__DATA SUPPLIED__:
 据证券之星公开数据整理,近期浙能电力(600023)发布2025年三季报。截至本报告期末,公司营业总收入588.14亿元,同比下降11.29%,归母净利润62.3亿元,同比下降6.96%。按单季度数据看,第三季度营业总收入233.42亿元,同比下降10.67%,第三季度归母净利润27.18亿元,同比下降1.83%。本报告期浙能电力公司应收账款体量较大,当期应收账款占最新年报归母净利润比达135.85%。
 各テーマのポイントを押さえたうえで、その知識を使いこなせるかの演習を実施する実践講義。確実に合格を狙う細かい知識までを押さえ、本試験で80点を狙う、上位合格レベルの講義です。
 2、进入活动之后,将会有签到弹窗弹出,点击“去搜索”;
--
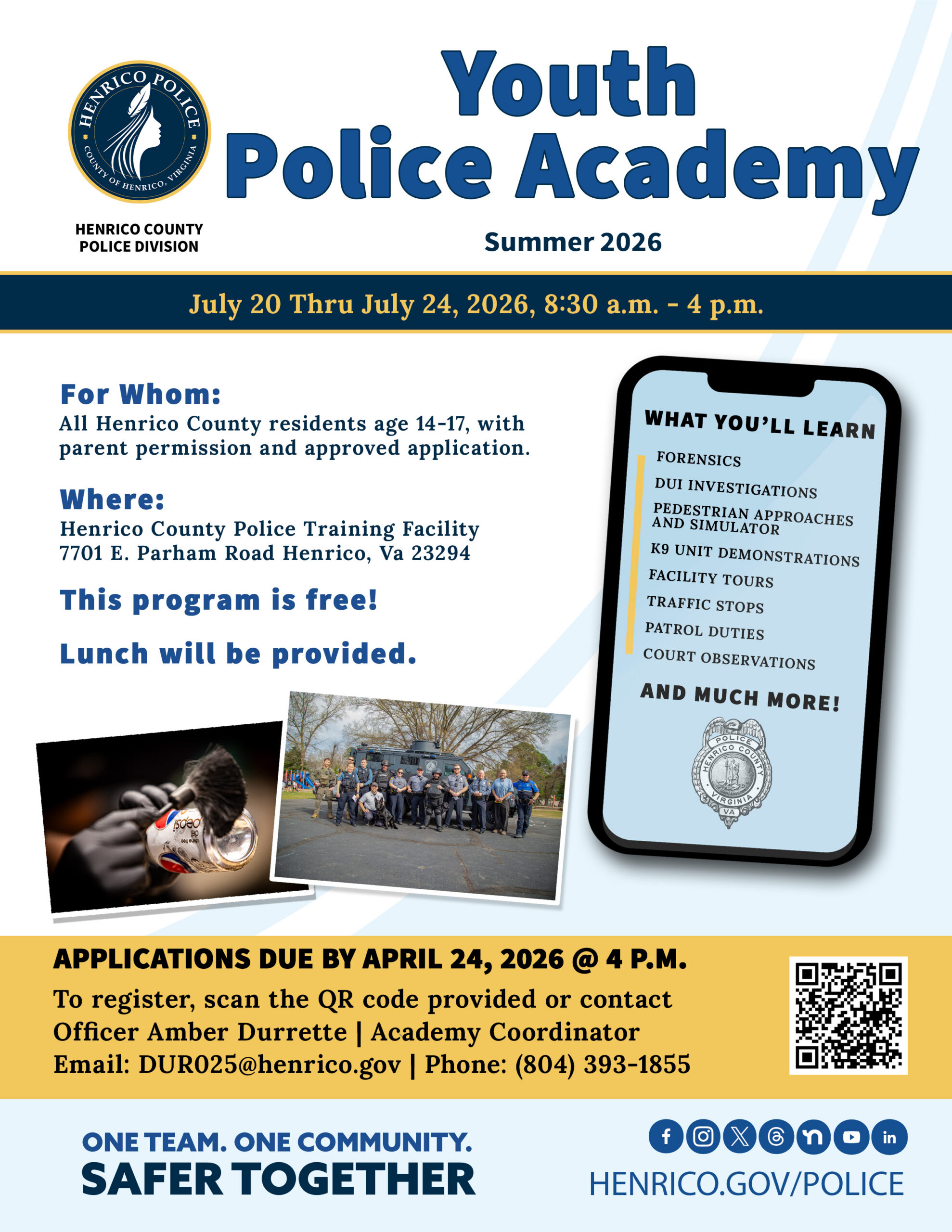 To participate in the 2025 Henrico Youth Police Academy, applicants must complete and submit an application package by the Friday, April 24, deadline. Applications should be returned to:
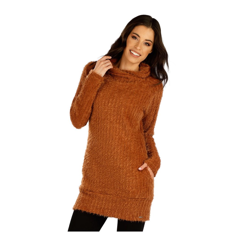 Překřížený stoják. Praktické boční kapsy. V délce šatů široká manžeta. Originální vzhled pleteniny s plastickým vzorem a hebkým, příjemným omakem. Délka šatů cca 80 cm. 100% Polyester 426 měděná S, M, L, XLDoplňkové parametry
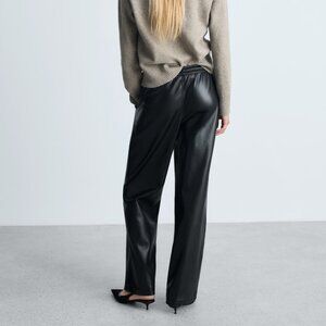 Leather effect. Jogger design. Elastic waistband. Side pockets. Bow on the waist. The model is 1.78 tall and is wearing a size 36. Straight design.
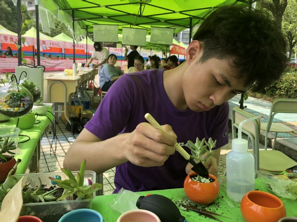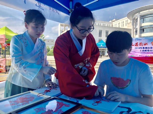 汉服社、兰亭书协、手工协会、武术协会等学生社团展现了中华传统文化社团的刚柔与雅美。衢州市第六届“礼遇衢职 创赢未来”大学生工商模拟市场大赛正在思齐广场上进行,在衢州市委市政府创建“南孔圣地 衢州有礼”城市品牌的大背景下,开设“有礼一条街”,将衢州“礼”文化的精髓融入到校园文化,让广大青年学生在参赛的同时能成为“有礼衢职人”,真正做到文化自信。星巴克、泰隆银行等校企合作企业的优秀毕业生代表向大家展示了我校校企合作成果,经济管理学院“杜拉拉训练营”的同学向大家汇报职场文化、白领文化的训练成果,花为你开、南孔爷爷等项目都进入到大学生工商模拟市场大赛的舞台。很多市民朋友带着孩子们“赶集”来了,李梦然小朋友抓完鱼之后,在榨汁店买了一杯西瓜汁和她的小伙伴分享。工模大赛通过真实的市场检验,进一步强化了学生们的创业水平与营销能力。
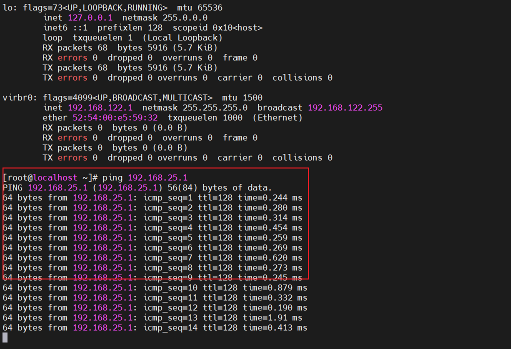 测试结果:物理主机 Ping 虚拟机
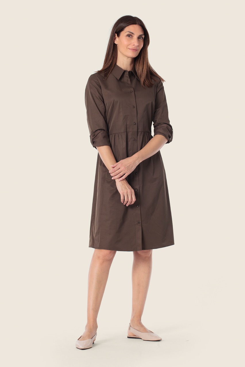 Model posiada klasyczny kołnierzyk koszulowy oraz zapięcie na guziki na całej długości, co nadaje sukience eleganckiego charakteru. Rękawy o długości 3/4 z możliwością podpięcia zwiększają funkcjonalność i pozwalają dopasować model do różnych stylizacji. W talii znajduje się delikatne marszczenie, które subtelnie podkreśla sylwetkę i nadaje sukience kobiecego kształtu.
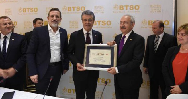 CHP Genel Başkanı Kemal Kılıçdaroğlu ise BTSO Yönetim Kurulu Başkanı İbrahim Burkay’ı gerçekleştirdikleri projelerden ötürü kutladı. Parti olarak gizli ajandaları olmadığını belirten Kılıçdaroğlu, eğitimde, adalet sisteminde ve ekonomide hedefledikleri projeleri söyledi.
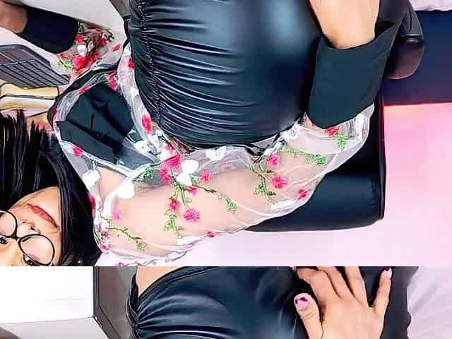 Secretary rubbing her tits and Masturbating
==
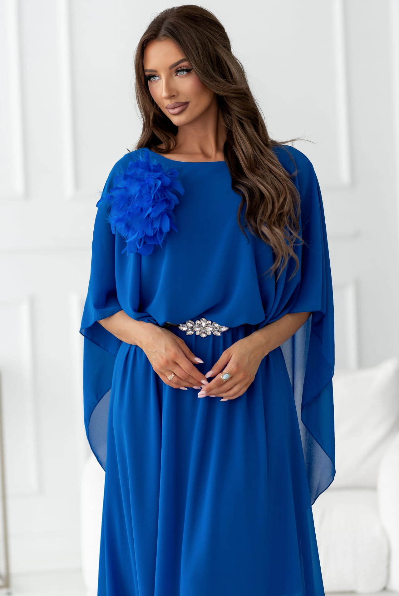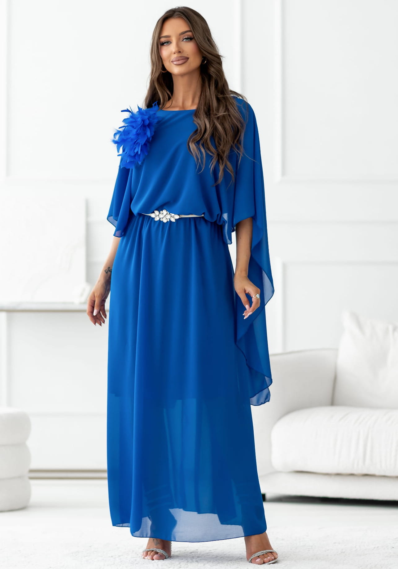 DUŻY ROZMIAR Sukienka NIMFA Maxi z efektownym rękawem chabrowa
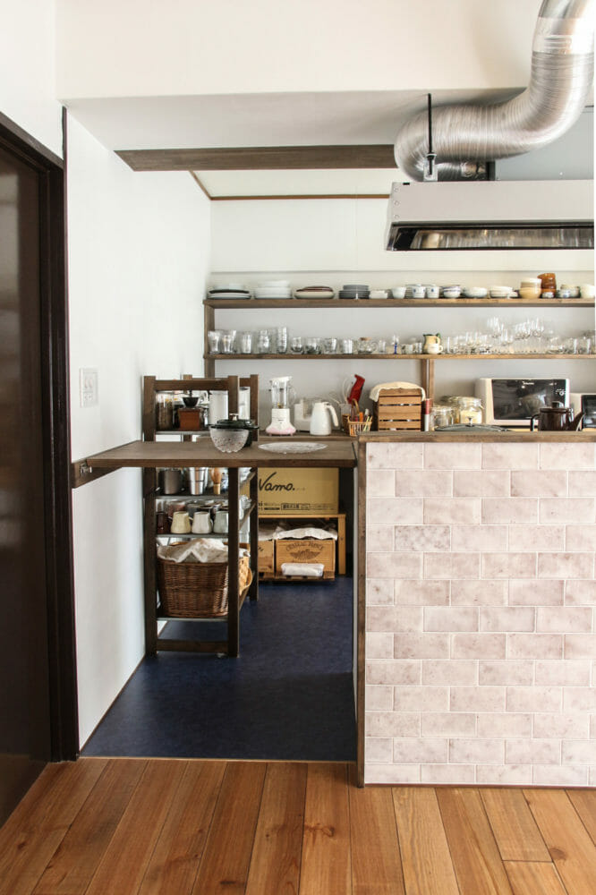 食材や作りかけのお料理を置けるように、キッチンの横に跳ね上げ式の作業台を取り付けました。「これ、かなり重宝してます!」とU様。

__TASK OBJECTIVE__:
Repeat, without pictures, exactly the lines of the data above from the one containing "CHP Genel Başkanı" through the one containing "Secretary rubbing her tits and Masturbating", including both and adding nothing.

__RESPONSE BELOW__:
 CHP Genel Başkanı Kemal Kılıçdaroğlu ise BTSO Yönetim Kurulu Başkanı İbrahim Burkay’ı gerçekleştirdikleri projelerden ötürü kutladı. Parti olarak gizli ajandaları olmadığını belirten Kılıçdaroğlu, eğitimde, adalet sisteminde ve ekonomide hedefledikleri projeleri söyledi.
 Secretary rubbing her tits and Masturbating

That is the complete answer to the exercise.